Multiple choice tests

Monday, April 2nd, 2007

Students love multiple choice questions. I typically have several types of questions on my
chemistry tests. If I tell my students that there will be only, say, fifteen multiple choice questions on the upcoming test, I will almost always have several students frown and ask for more.

Sometimes, I’m tempted to give in and just give a multiple choice test like these students want. After all, multiple choice questions are the easiest kind of test question to grade, and I don’t have any assistants to grade papers for me.*** But I don’t give in. The reason? Because students almost always perform more poorly on multiple choice questions than they do on “harder” question types.

Why?

Some students will tell me that they like multiple choice questions because the right answer is already on the paper, and it’s easier to find the answer in a list than it is to figure the answer out. This might actually be part of the reason that students do so poorly on multiple choice tests: They don’t think that they have to figure anything out, and they expect multiple choice questions to be like this:

These charged particles are normally found inside the nucleus of atoms.
A) birds
B) cheeseburgers
C) oranges
D) orangutans
E) protons

… where the right answer is immediately obvious, even if you don’t know a darned thing about chemistry or the nuclear model of the atom. Instead, they get questions more like this:

These charged particles are normally found inside the nucleus of an atom.
A) borons
B) electrons
C) neutrons
D) photons
E) protons

This is still an easy question, but some students will miss it. These same students are able to draw a picture of and describe the basic details of the nuclear model of the atom in a later (not multiple choice) question on the same test! My conclusion is that the student misses the multiple choice question because he simply doesn’t expect to have to think about it.

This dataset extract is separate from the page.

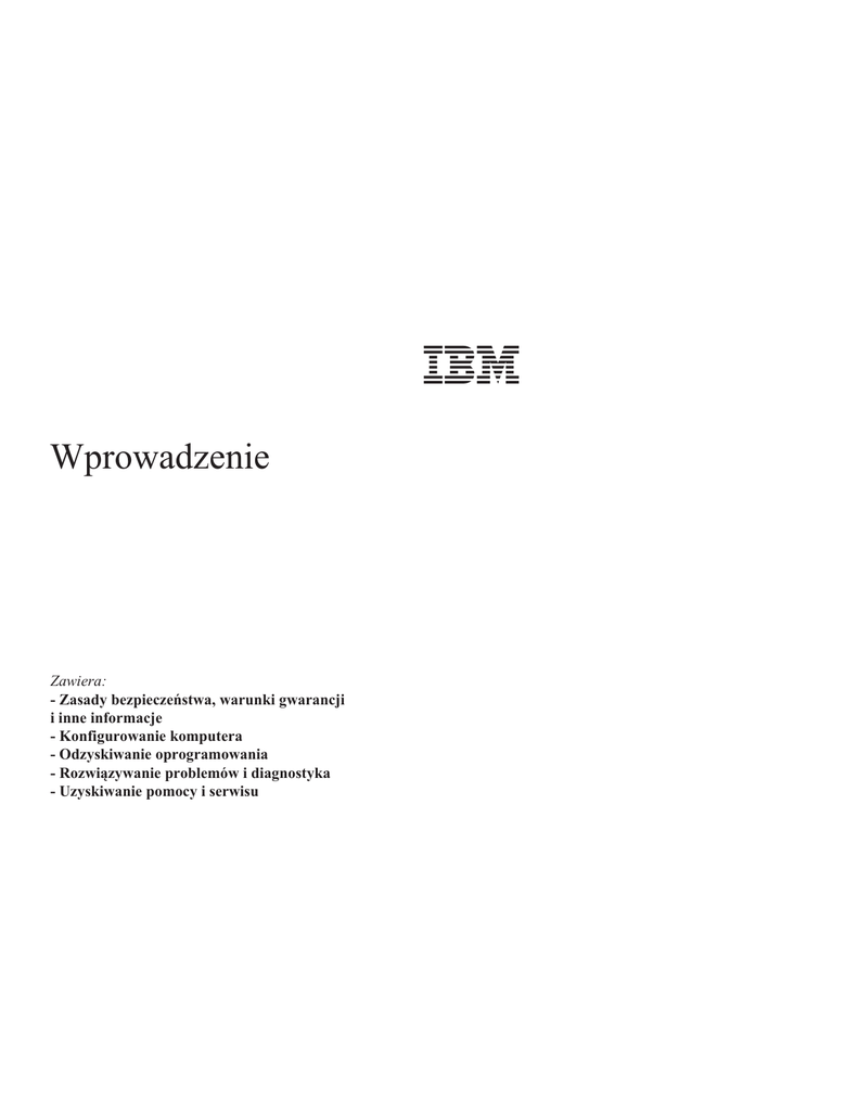 Wprowadzenie Zawiera: - Zasady bezpieczeństwa, warunki gwarancji i inne informacje - Konfigurowanie komputera - Odzyskiwanie oprogramowania - Rozwiązywanie problemów i diagnostyka - Uzyskiwanie pomocy i serwisu Wprowadzenie Uwaga Przed wykorzystaniem informacji zawartych w niniejszym dokumencie lub przed użyciem urządzenia, którego one dotyczą, należy przeczytać “Uwagi dotyczące bezpieczeństwa” na stronie v oraz “Dodatek. Gwarancje na produkt oraz uwagi” na stronie 31. Wydanie trzecie (maj 2001 r.) © Copyright International Business Machines Corporation 2001. Wszelkie prawa zastrzeżone. Spis treści Uwagi dotyczące bezpieczeństwa. . . . . . . . . . . . . . . v Uwagi dotyczące baterii litowej . . . . . . . . . . . . . . . . . vi Informacje dotyczące bezpieczeństwa przy korzystaniu z modemu . . . . . . vi Oświadczenie o zgodności urządzenia laserowego . . . . . . . . . . . vi Dodatkowa pomoc . . . . . . . . . . . . . . . . . . . . ix Rozdział 1. Ustawianie komputera . . . . . . . . . . . . . . 1 Czytanie i drukowanie ważnych informacji . . . . . . . . . . . . . . 1 Urządzanie miejsca pracy . . . . . . . . . . . . . . . . . . . 1 Wygoda . . . . . . . . . . . . . . . . . . . . . . . 1 Odblaski i oświetlenie . . . . . . . . . . . . . . . . . . . 2 Obieg powietrza . . . . . . . . . . . . . . . . . . . . . 3 Gniazda zasilające i długości kabli . . . . . . . . . . . . . . . 3 Rozdział 2. Przygotowanie komputera do pracy . Włączanie zasilania . . . . . . . . . . . . Zakończenie instalowania oprogramowania . . . . Używanie dysku CD Software Selections . . . . Instalowanie innych systemów operacyjnych . . . Wyłączanie komputera . . . . . . . . . . Zapis informacji o komputerze . . . . . . . . . . . . . . . . . . . . . . . . . . . . . . . . . . . . . . . . . . . . . . . . . . . . . . . . . . . . . . . . . 5 . 9 . 9 . 9 . 10 . 10 . 11 Rozdział 3. Program Product Recovery . . . . . . . . . . Odzyskiwanie oprogramowania . . . . . . . . . . . . . . . Odzyskiwanie oprogramowania po awarii dysku twardego . . . . . . . Rozwiązywanie problemów z odzyskiwaniem oprogramowania . . . . . Program Product Recovery nie uruchamia się mimo naciskania klawisza F11 Program nie uruchamia się z dysku CD Product Recovery . . . . . . Na ekranie nie ukazuje się komunikat opcji naciśnięcia klawisza F11. . . Zmiana kolejności startowej . . . . . . . . . . . . . . . . Odzyskiwanie i instalowanie sterowników urządzeń. . . . . . . . . . . 13 . . 13 . . 14 . . 14 14 . . 15 . . 15 . . 16 . . 16 Rozdział 4. Rozwiązywanie problemów i diagnostyka . . . . Podstawowe rozwiązywanie problemów . . . . . . . . . . . IBM Enhanced Diagnostics . . . . . . . . . . . . . . . Uruchamianie programu IBM Enhanced Diagnostics z programu Product Recovery . . . . . . . . . . . . . . . . . . Tworzenie dyskietki IBM Enhanced Diagnostics . . . . . . . . Uruchamianie programu IBM Enhanced Diagnostics z dyskietki . . . Kody błędów . . . . . . . . . . . . . . . . . . . . . . . © Copyright IBM Corp. 2001 . . . 19 . . . 19 . . . 20 . . . . . . . . 21 21 22 22 iii Rozdział 5. Uzyskiwanie informacji, pomocy i serwisu Uzyskiwanie informacji . . . . . . . . . . . . W sieci WWW . . . . . . . . . . . . . . Uzyskiwanie informacji faksem . . . . . . . . . Uzyskiwanie pomocy i serwisu . . . . . . . . . . Używanie dokumentacji i programów diagnostycznych . . Kontakt telefoniczny z serwisem . . . . . . . . Inne usługi . . . . . . . . . . . . . . . Dodatkowe usługi płatne . . . . . . . . . . . . Dodatek. Gwarancje na produkt oraz uwagi . . . Warunki gwarancji . . . . . . . . . . . . Okres gwarancyjny . . . . . . . . . . . Warunki Ograniczonej Gwarancji IBM . . . . . Uwagi . . . . . . . . . . . . . . . . Przetwarzanie dat . . . . . . . . . . . . Uwagi na temat wyjścia telewizyjnego. . . . . . Znaki towarowe . . . . . . . . . . . . Uwagi dotyczące emisji elektronicznej. . . . . . Wymagania FCC dotyczące operatora sieci telefonicznej Uwagi dotyczące kabla zasilającego . . . . . . iv Wprowadzenie . . . . . . . 25 . . . . . . . 25 . . . . . . . 25 . . . . . . . 25 . . . . . . . 26 . . . . . . . 26 . . . . . . . 26 . . . . . . . 28 . . . . . . . 29 . . . . . . . . 31 . . . . . . . . 31 . . . . . . . . 31 . . . . . . . . 33 . . . . . . . . 44 . . . . . . . . 45 . . . . . . . . 46 . . . . . . . . 46 . . . . . . . . 46 . . . . . . . . 50 . . . . . . . . 52 Uwagi dotyczące bezpieczeństwa NIEBEZPIECZEŃSTWO Napięcie elektryczne pochodzące z kabli zasilających, telefonicznych i sygnałowych może być niebezpieczne. Aby uniknąć porażenia prądem elektrycznym należy przestrzegać następujących zasad: v nie należy łączyć lub rozłączać żadnych kabli ani wykonywać instalowania, obsługi technicznej czy rekonfigurowania tego produktu podczas burzy z wyładowaniami atmosferycznymi, v wszystkie kable zasilające muszą być włączone do prawidłowo podłączonych i uziemionych gniazd zasilających, v wszystkie urządzenia, z którymi ten produkt ma być połączony, muszą być również włączone do prawidłowo podłączonych gniazd zasilających, v o ile jest to tylko możliwe, należy podłączać i rozdłączać kable sygnałowe jedną ręką, v nigdy nie należy włączać urządzenia, jeśli widoczne są oznaki ognia, wody lub uszkodzeń konstrukcji, v przed otwarciem obudowy urządzenia należy odłączyć wszystkie kable zasilające, a także systemy telekomunikacyjne, sieci i modemy, o ile procedury konfigurowania i instalowania nie nakazują inaczej, v podczas instalowania i przenoszenia tego produktu lub podłączonych do niego urządzeń, a także otwierania ich obudów, kable należy łączyć i rozłączać według zaleceń zawartych w poniższej tabeli. Aby podłączyć: Aby odłączyć: 1. Wyłącz wszystkie urządzenia. 1. Wyłącz wszystkie urządzenia. 2. Podłącz wszystkie kable do urządzeń. 2. Odłącz kable zasilające od gniazd zasilających. 3. Podłącz kable sygna

I see the same thing with multiple choice questions that involve a calculation. If the same problem is presented as a multiple choice question and as a problem where they have to write their answer in a blank, the students will miss the multiple choice problem more often. They will try to do the multiple choice problem directly on their calculators (despite scratch paper being available), while they will usually write down the steps of the problem where they have to put their own answer in a blank.

In summary, if any students are reading this - don’t ask for more multiple choice questions! They’re not really “easier” than any other kind of question, and they’re more likely to bring your grade down!


***Well, except for this assistant. But you don’t want her grading your paper!